Rav Hirsch (on verses 25–26) views the agricultural worker’s right to eat as related to the prohibition against lending on interest, found three verses earlier (and discussed in recent lessons):

 

These laws, like the prohibition of interest, stem from the fact that when God founded our national society, He reserved for Himself an unlimited right of disposition over all our property. On this right He founded our life as a people: a life built on the duty to show mercy and do justice. The Jewish landowner is obligated here to permit the workers who harvest the produce of his field to eat as much of the harvest as they like while they are engaged in reaping his crops. At the same time, however, the worker is obligated to keep strictly within the limits of this right, and to be careful not to abuse it.

 

The practical halakhot of this mitzva, inherent in the words of the Torah, offer a further message. Permission is granted to consume only items of food that grow from the ground, only once nature has ripened them and man comes with his basket and sickle to take what nature has completed. Once the food is detached, the workers’ right to it lasts only until it is ready for human use, i.e. until the obligation to tithe it takes effect. Rav Hirsch explains:

 

… the worker may eat attached and detached foods only once the produce has been ripened by nature and only while he is engaged in bringing it into a finished state and preparing it for human use. Not before, and not after, but on the threshold of man’s mastery over nature – so apt to engender the selfish thought, “This is my own and mine alone” – does God’s Torah scatter the seeds of duty, which stems from justice and loving kindness, and affects both the landowner and the worker.

 

A similar message is evident in the seemingly unlimited prohibition against preventing an animal from eating produce on which it is working.
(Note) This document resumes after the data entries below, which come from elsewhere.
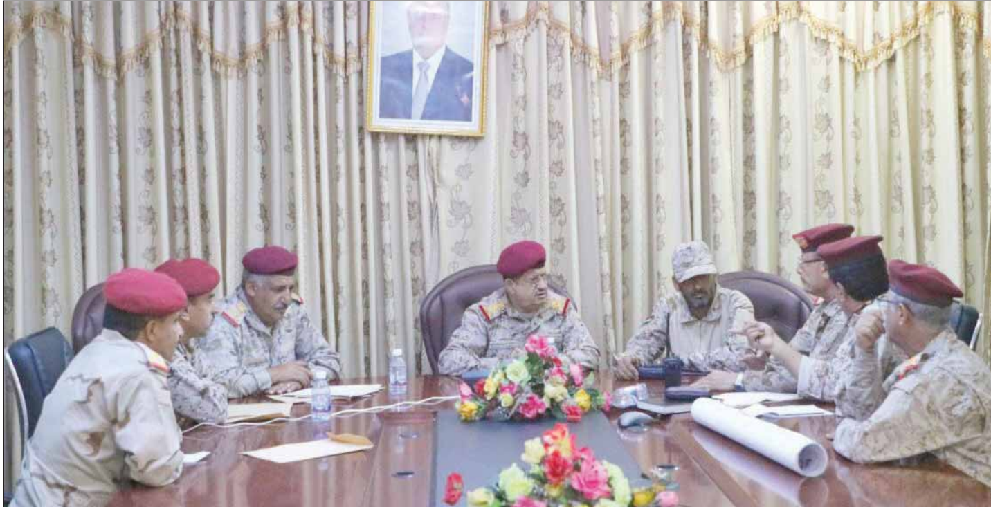
وزير الدفاع اليمني لدى اجتماعه مع قيادات عسكرية في مأرب أمس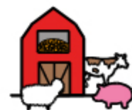
QUANDO VADO IN CASCINA A VEDERE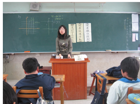
班級健康體位控制宣導， 教導正確體重控制觀念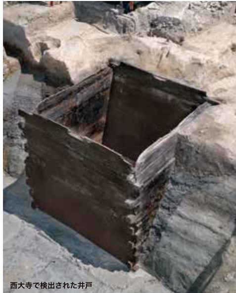
西大寺で検出された井戸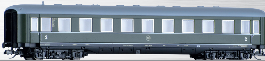
Art.-Nr.: 502101 Schlafwagen der DR, Ep. III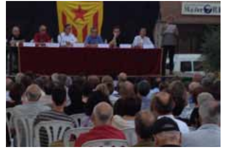
■ Acte reivindicatiu a la plaça de la Independència

Un total de 15 equips, 225 jugadors i 25 monitors formen part durant aquesta temporada 2012-2013 de l'Escola Comarcal de Futbol les Garrigues, una de les primeres que es van crear a Lleida i que cada any compta amb més alumnes de tota la comarca i del seu voltant. Tots ells, amb edats compreses entre els 4 i els 18 anys, reben formació esportiva i en valors com el companyerisme, la solidaritat, el joc net i l'esportivitat. Els membres del club, un equip de babies, dos pre-benjamins, dos benjamins, tres alevins, dos infantils, dos cadets, un juvenil i dos equips femenins, juguen i entrenen al Camp Municipal d'Esports de les Borges. L'Escola Comarcal de Futbol les Garrigues compta amb una web on es poden seguir tots els seus progressos: www.eflesgarrigues.com . ■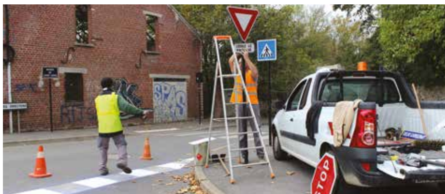
A l'automne dernier, transformation de la signalétique devant le parc de la Corbie.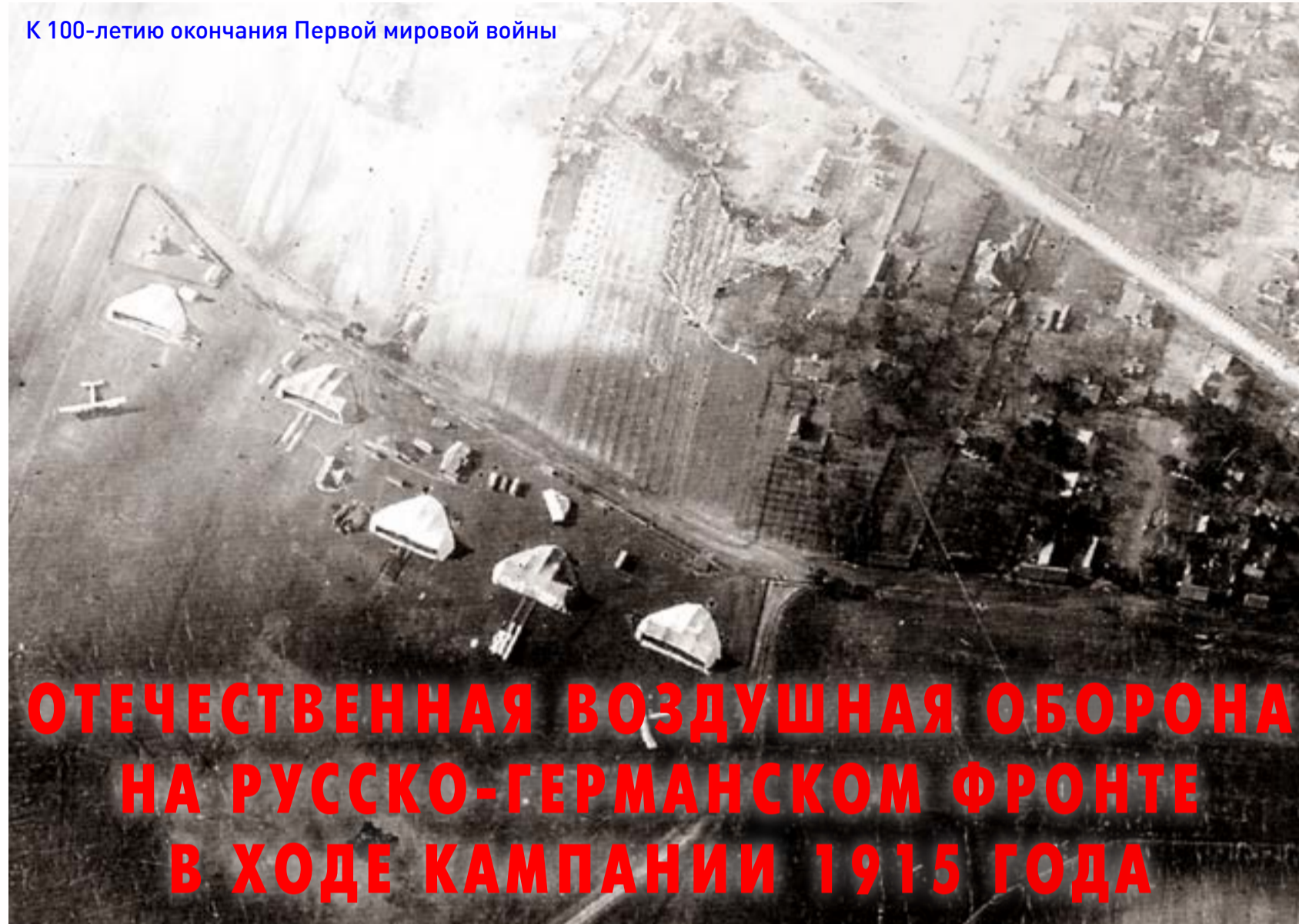
Аэродром УЭВК «Илья Муромец». Ст. Яблонна, Царство Польское

К 100-летию окончания Первой мировой войны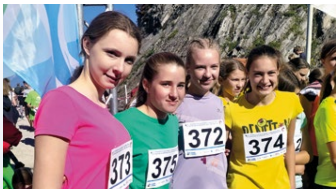
Starejše deklice pred startom gorskega teka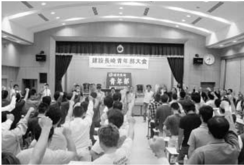
「団結がんばろう」で青年部大会を元気に閉めくくる

青年部大会が平成二十一年六月二十四日(水)午後七時から時津町北部コミュニティセンターで、青年層組合員、本部・支部役員、合わせて、全体一四三名参加で開催しました。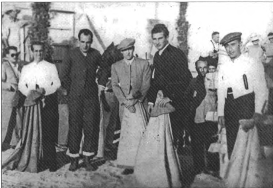
La "quadrilla" dels toreros que varen inaugurar la plaça de Montuïri. Els dos totalment d'obscurs són en "El Niño de la Palma" i Pepe Bienvenida

Vaig sentir alguns aficionats que havien vingut de Porreres i no se'n podien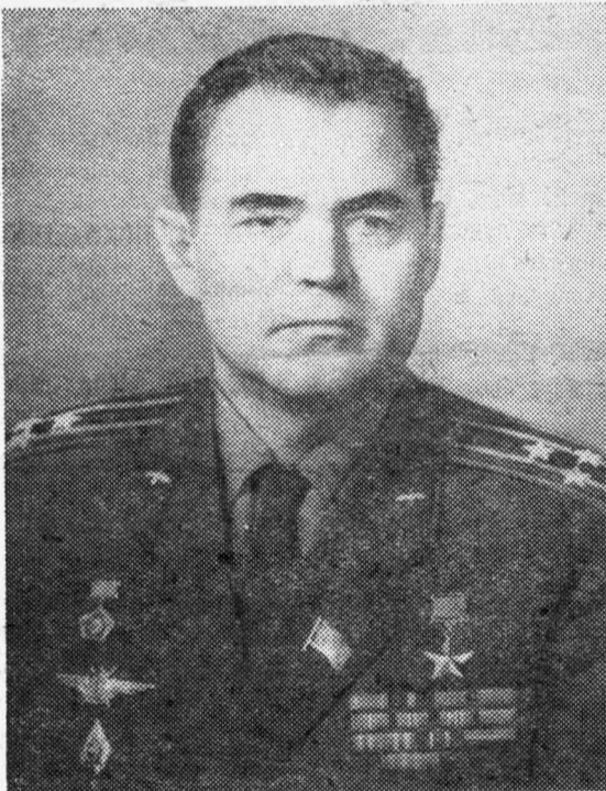
Командир космического корабля «Союз-9» Андрей Григорьевич Николаев.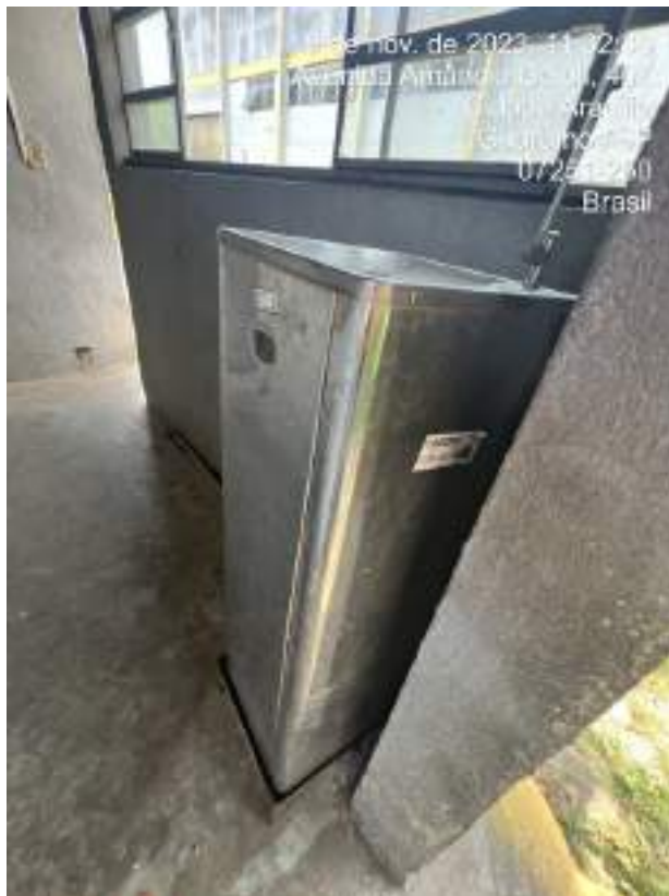
Imagem 13: bebedouro

The Torah not only seeks to stress to the landowner his lack of total control over his crops, but also to nurture care and concern both for employees and for animals. The landowner must respect that working with his food causes humans’ emotions, and even animals’ instincts, to make them wish to partake.[3]

 

Some note that these mitzvot also benefit the employer, who should want his workers to be connected to their work. The more a person is connected to his work, the more likely he will be to take an earnest interest in a successful crop. Allowing workers to partake of the food also teaches the employer that the workers’ contribution should not go unnoticed and, to a certain degree, makes them partners in what has grown.

 

The basic laws of the employer–employee relationship, from timely payment to the prohibition of muzzling animals and all in between, require not only action, but also the development of a holy character that these actions should inspire in man.

 

In concluding his aforementioned discussion, the Chafetz Chaim states that he is convinced that people are negligent in paying workers on time only because they are unaware of the mitzva’s importance and unsure of its parameters. Therefore, he writes, this mitzva deserves special study.

 

In next week’s lesson we will elaborate on the prohibitions of non-payment and delayed payment of wages, as well as uncover some of the holiness that the mitzvot of timely payment seek to engender.



[1] I.e. tell workers to return later to receive their wages (Rashi).

[2] This ruling is codified by Rema (Choshen Mishpat 333:3).

[3] With regard to restaurant workers and others who work amid food. Although the letter of the law seems to be restricted to work in the fields, the spirit of the law might extend beyond.